Majelis Hakim Pengadilan Tindak Pidana Korupsi (Tipikor) PN Medan yang dipimpin M Nazir pada Senin (11/8/2025) menyatakan kedua terdakwa terbukti melakukan tindak pidana korupsi secara bersama-sama. “Menjatuhkan pidana penjara selama 10 tahun kepada terdakwa Alexander Halim alias Akuang dan terdakwa Imran. Memerintahkan agar para terdakwa tetap ditahan,” tegas hakim.
Selain pidana badan, keduanya juga dijatuhi denda Rp1 miliar dengan ketentuan subsider tiga bulan kurungan. Khusus Akuang, diwajibkan membayar UP Rp797,6 miliar. Jika tidak dibayar dalam waktu satu bulan sejak putusan inkrah, maka jaksa berhak menyita dan melelang harta benda terpidana. Bila harta tak mencukupi, diganti dengan pidana penjara tambahan selama lima tahun.
JPU Banding
Putusan hakim tersebut lebih ringan dibanding tuntutan Jaksa Penuntut Umum (JPU) yang meminta masing-masing terdakwa dihukum 15 tahun penjara, serta menuntut Akuang membayar UP Rp856,8 miliar.
Kepala Kejaksaan Tinggi Sumatera Utara, Dr.

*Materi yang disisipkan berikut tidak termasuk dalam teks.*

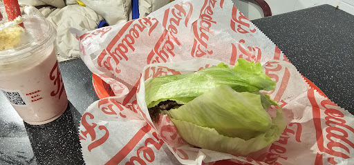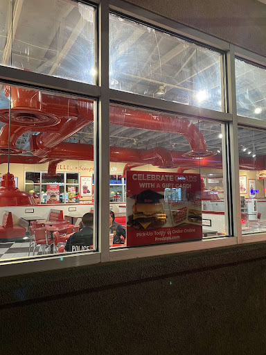 Read moreFreddy's facility looked very nice and clean. Customers service ok, very busy inside and out lots of people! We figure we try out this New Burger joint. Disappointed!!! Our burger was greasy and the thinnest Patty ever, bun fell apart, the sauce which is called Freddy's sauce, we decided to give it a try and.. it ..was ..yuck! We were told no mustard and ketchup those were by the fountain drink. You have to order a Double Freddy's burger to get lettuce and tomatoe, and if you want bacon with cheese again no tomatoes and lettuce those are extra. The fries looked like the Fry sticks that come in a can like a tooth pick. (Needs improvement on menu...) As for the Desserts can't really say anything about em..but they looked good.
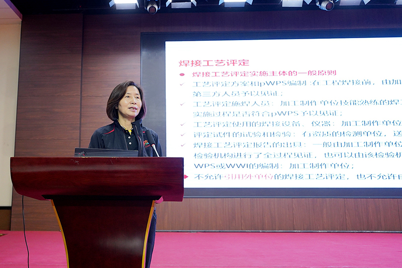 中國工程建設焊接協會培訓部主任、教授級高工嚴洪麗作《鋼結構厚板焊接質量控制》專題講座

Harli Siregar SH MHum, memastikan pihaknya telah mengajukan banding. “Kita sudah banding loh Bang,” ujarnya melalui pesan WhatsApp, Kamis (21/8/2025). Harli juga mengirimkan akta pernyataan banding atas putusan tersebut dengan Nomor 52/Akta.Pidsus-TPK/2025/PN Mdn tanggal 15 Agustus 2025.
Terpidana Belum Ditahan, Sawit Diduga Masih Dipanen
Meski telah divonis, Akuang hingga kini belum ditahan. Bahkan, ia diduga masih menikmati hasil panen sawit dari lahan 210 hektare yang digarap melalui Koperasi Sinar Tani Makmur (STM). Sumber menyebut, sekali panen Tandan Buah Segar (TBS) dari perkebunan ilegal tersebut bernilai puluhan miliar rupiah.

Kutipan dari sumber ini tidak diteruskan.